Why do Companies Use Psychometric Tests?

Psychometric tests are very popular with businesses in their recruitment process, being used by companies across the board: financial institutions, management consultancies, local authorities, the civil service, police forces, fire services; to name a few.

If there are a large number of candidates for a few vacancies, then psychometric tests are often used to filter out unsuitable candidates at an early stage. This can, of course, save a huge amount of interviewing time, and is therefore viewed as an efficient part of the process by businesses. The tests are also used as part of the promotion selection process by companies, being viewed as a neutral start point without the subjectivity of staff making promotion decisions. Ultimately, of course, a human decision is most certainly required.

As so many businesses put so much store on the results of psychometric tests they need to give reliable indications on a person’s abilities, preferences and personality. The tests need to be:

  • Objective: so there is no subjective bias.
  • Standard: repeatable.
  • Reliable: without errors in the tests.
  • Predictive: seen to give a good indication of future real performance.
  • Without discrimination: not giving a group of culture, gender etc, an advantage or disadvantage.

Personality Questionnaires

One branch of psychometric tests looks to measure aspects of your personality. Employees use personality test to see if you have the motivation and enthusiasm for a job, and to see if you will fit into the organisation. Will your working style and attitude suit the company? Remember that if the answer turns out to be no, then you may not get the job, but the test could well have saved both the company you a lot of time and dissatisfaction if you had got the job.

Aptitude Tests

This is another type of psychometric test which is more concerned with your intellect and reasoning and – as it says – aptitude for the job. These tend to consist of multiple choice questions, and are run under strictly timed, exam conditions. For example, there might be 30 questions to be answered in 30 minutes.

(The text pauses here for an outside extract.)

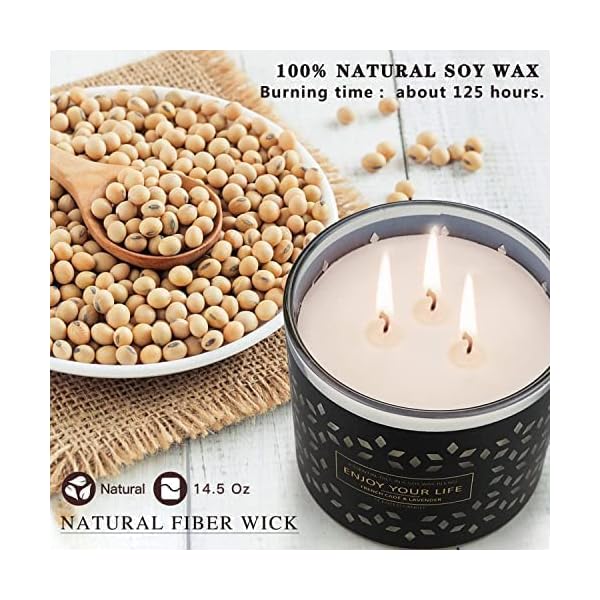 【Natural Soy Wax】Our scented candles are made from 100% natural soy wax and 8% lavender essential oil. Soy candles are a great option for those looking for a more natural option. Soy candles are made from renewable resources and burn cleaner than traditional paraffin candles, making them environmentally friendly and healthier.

Aptitude tests can be speed tests or power tests. Speed tests are fairly straightforward, and test how many questions you can answer in a certain time. These are most often targeted at administrative or clerical type jobs. Power tests consist of more complex questions and there will be fewer of them. These are aimed at managerial of professional roles.

Types of Aptitude Test

There are literally thousands of aptitude tests available on the market. They come under different classifications, but some tests can combine more than one type. Here are the types:

  • Verbal Reasoning: spelling, grammar, understanding of analogies, following instructions.
  • Numerical Reasoning: arithmetic, sequences; possibly, interpretation of charts and graphs.
  • Abstract Reasoning: logic, patterns and solutions; an indicator of fluid intelligence and learning ability.
  • Spatial Ability: manipulation of shapes in two dimensions or visualisation of three-dimensions in two. Usually for specific jobs.
  • Mechanical Reasoning: used in the selection process for jobs such as the police, the military, as well as craft and technical jobs.
  • Fault Diagnosis: used for jobs where technical personnel might need to find and repair faults.
  • Data Checking: error detection tests for clerical and data input jobs.

Other tests might include providing a sample of work that the role might involve; for example, working with a word processor or spreadsheet. There may also be requirements to give a presentation.


If you are going after a job it is worth asking whether there will be a test or tests involved, and, if so, what kind. Then you can do further research to practise for the specific test.

When doing any test, treat it seriously, like an exam. Read the instructions, and ask if you don’t understand anything.